Repeat the entries below word for word, though any picture in them should be dropped.

*** INPUT RECORDS

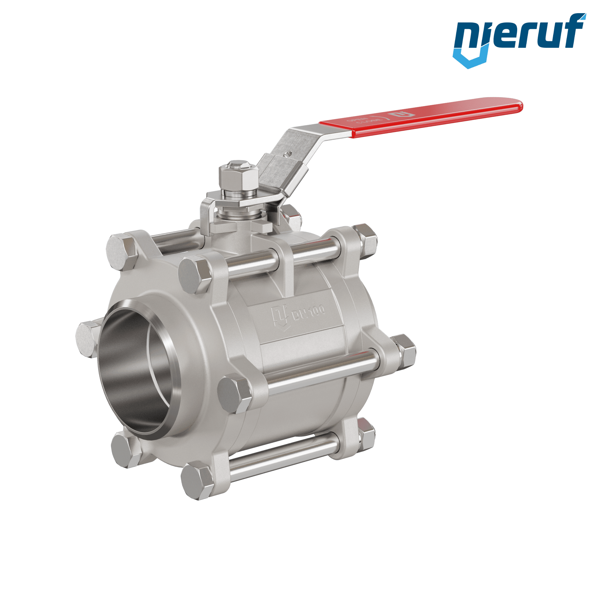 valvola a sfera a 2 vie a tre pezzi in acciaio inossidabile 1.4408 DN100 - 4" pollici con estremità a saldare per fluidi liquidi e gassosi
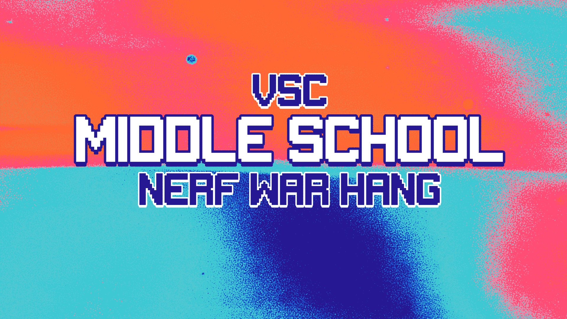 All middle-school students are invited to a Nerf War Hang on Friday, September 9, from 5:30 - 8:30 PM in the Family Life Center at Victory's North Campus. Food is provided, and there is no cost to attend.
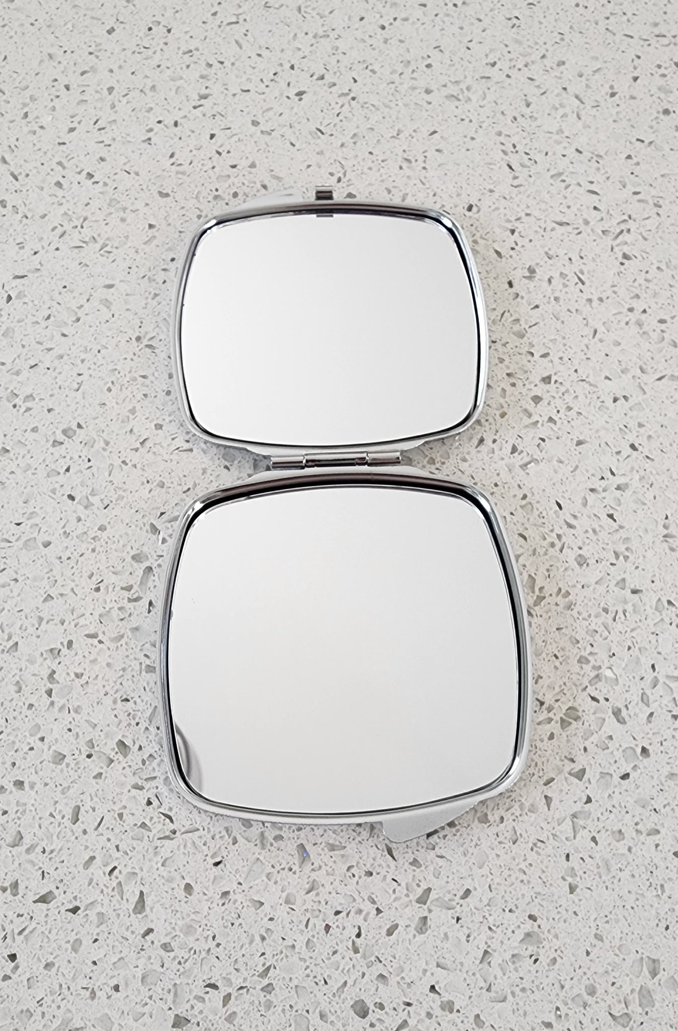Square compact mirror made of a durable metal with rounded edges and includes a regular and a 3 x's magnification mirror, approx. 2-3/4".
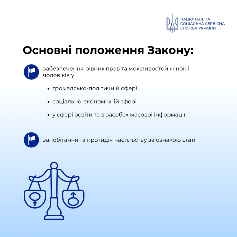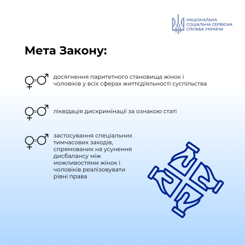 Закон спрямований на досягнення паритетного становища жінок і чоловіків у всіх сферах життєдіяльності, а також подолання дискримінації за ознакою статі.
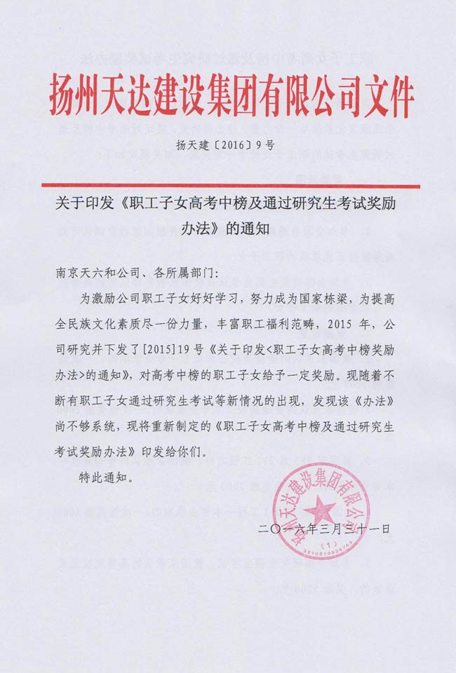 關(guān)于印發(fā)《職工子女高考中榜及通過研究生考試獎(jiǎng)勵(lì)辦法》的通知

******

# [WRITTEN ANSWER]
 valvola a sfera a 2 vie a tre pezzi in acciaio inossidabile 1.4408 DN100 - 4" pollici con estremità a saldare per fluidi liquidi e gassosi
 All middle-school students are invited to a Nerf War Hang on Friday, September 9, from 5:30 - 8:30 PM in the Family Life Center at Victory's North Campus. Food is provided, and there is no cost to attend.
Square compact mirror made of a durable metal with rounded edges and includes a regular and a 3 x's magnification mirror, approx. 2-3/4".
 Закон спрямований на досягнення паритетного становища жінок і чоловіків у всіх сферах життєдіяльності, а також подолання дискримінації за ознакою статі.
 關(guān)于印發(fā)《職工子女高考中榜及通過研究生考試獎(jiǎng)勵(lì)辦法》的通知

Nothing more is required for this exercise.